Treatment of multiple sclerosis patients with their own fat derived stem cells has generated promising results which we recently published. There are several mechanisms by which this treatment may mediate therapeutic effects. One particular mechanism that we will discuss here is production of soluble factors by fat derived mesenchymal stem cells that may be protective to neurons.
In the paper (Wei et al. Adipose stromal cells-secreted neuroprotective media against neuronal apoptosis. Neurosciences Letters. 2009 Jun 21) conditioned media from fat derived mesenchymal stem cells was assessed for therapeutic activity in terms of ability to protect neurons from cell death. The idea being that the fat stem cells produce factors that can inhibit apoptosis of brain cells.
The investigators used a model of neuronal cell death by culturing cerebellar granule neurons in absence of serum and potassium in order to induce apoptosis. A dose-dependent inhibition of neuronal apoptosis was observed when adipose stem cell conditioned media was added to the cultures. Inhibition of caspase-3 activity was observed in the protected neurons (which would make sense since caspase-3 is involved in the vast majority of apoptotic signalling). Additionally, the adipose stem cell conditioned media was capable of stimulating the anti-apoptotic akt signalling pathway.
In order to investigate what specific molecules were in the adipose stem cell conditioned media that induced protective effects on the neurons, it was found that neutralization of insulin growth factor (IGF)-1 resulted in loss of anti-apoptotic activity.
This study brings up several interesting questions.

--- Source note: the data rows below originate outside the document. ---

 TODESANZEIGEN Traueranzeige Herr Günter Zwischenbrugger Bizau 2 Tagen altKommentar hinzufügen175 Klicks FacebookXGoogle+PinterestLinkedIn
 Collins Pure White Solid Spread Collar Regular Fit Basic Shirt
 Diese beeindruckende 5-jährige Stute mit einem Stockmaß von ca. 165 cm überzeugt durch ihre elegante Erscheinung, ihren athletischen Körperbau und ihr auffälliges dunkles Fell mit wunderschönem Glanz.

Firstly, would the supernatant from the adipose derived stem cells also have effects on oligodendrocytes? In multiple sclerosis there is eventual neuronal death, however, activation of oligodendrocytes is very important in terms of re-myelinating the injured tissue. We do know that bone marrow cells are capable of inducing remyelination under specific conditions, so the question would be if adipose stem cell supernatant may also mediate such an effect. This would be relatively easy to test in an in vitro system, or using the experimental allergic encephalomyelitis model. However the issue would be whether the supernatant would also mediate immune modulatory properties that may mask the effects of potential remyelinating activity.

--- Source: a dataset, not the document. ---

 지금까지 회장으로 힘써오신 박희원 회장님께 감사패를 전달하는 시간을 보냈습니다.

The second question is whether the adipose stem cell supernatant would have effects on other models of neuronal apoptosis. In the context of multiple sclerosis, neuronal apoptosis mediated by excess glutamate seems to be an important factor. Alternatively, the adipose stem cell supernatant may increase astrocyte uptake of glutamate.

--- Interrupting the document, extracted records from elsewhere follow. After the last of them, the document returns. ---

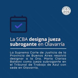 La SCBA designa jueza subrogante en OlavarríaLa Suprema Corte de Justicia de la Provincia de Buenos Aires resolvió designar a la Dra. María Clarisa Baldoni como jueza subrogante en el Tribunal de Trabajo de Azul con sede en Olavarría. Esta decisión, oficializada mediante la Resolución RSC-990-2025, responde a la vacante existente desde 2019 tras la renuncia de la Dra. Liliana Galarza. LEER MÁS |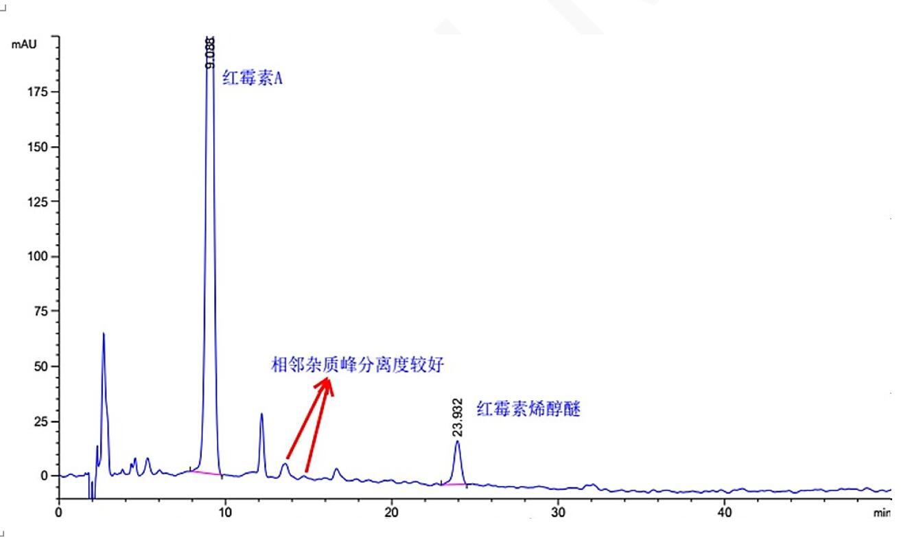 注:該方法要求紅霉素 A 峰與紅霉素烯醇醚峰的分離度應大于 14.0,紅霉素 A 峰的拖尾因子應小于 2.0。Titank C18 色譜柱分離度可達 20.19,拖尾因子 0.912,且對一些相鄰雜質(zhì)峰有更好的分離效果。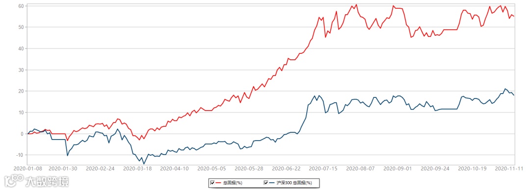 粤投研稳健型基金组合累计上涨55.22%,同期沪深300指数上涨18.11%。2020年1月9日-2020年11月13日,数据来源:Wind。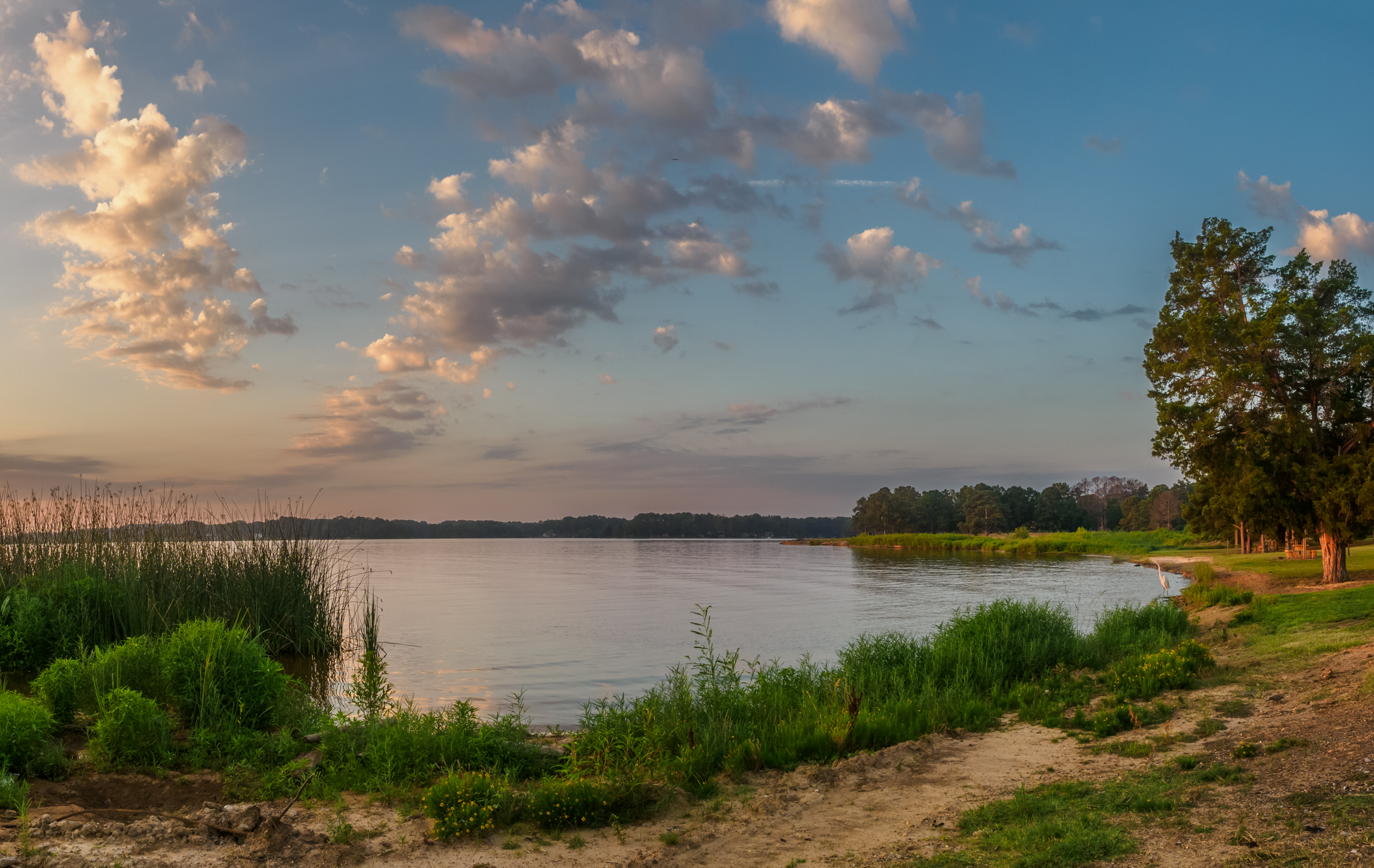 A 2 shot early morning panorama of pretty much nothing at the local lake. Foreground is sorrowfully kind of ugly due to ongoing dredge work but the clouds were nice.

The third question would be whether various conditions can be applied to the adipose stem cells so as to enhance secretion of protective factors in the conditioned media. For example, there are publications demonstrating that mesenchymal stem cells cultured in the presence of low oxygen actually increase secretion of various therapeutic factors, including IGF-1. This may be because the mesenchymal stem cells “feel” the lack of oxygen and as a natural reparative mechanism start secreting factors that protect other cells. This may be possible given that mesenchymal stem cells have been demonstrated to inhibit neuronal cell death in vivo in models of stroke. Alternatively, another way to “stress” mesenchymal stem cells in vitro may be treatment with inflammatory cytokines such as TNF-alpha. At the recent FOCIS meeting in San Francisco, data was presented demonstrating that mesenchymal stem cells secrete higher levels of antiinflammatory factors after exposure to immunological stress, as in the form of a mixed lymphocyte reaction. Collection of supernatant of stem cells under various conditions of stress may be one interesting way to increase efficacy of the approach described in the current paper.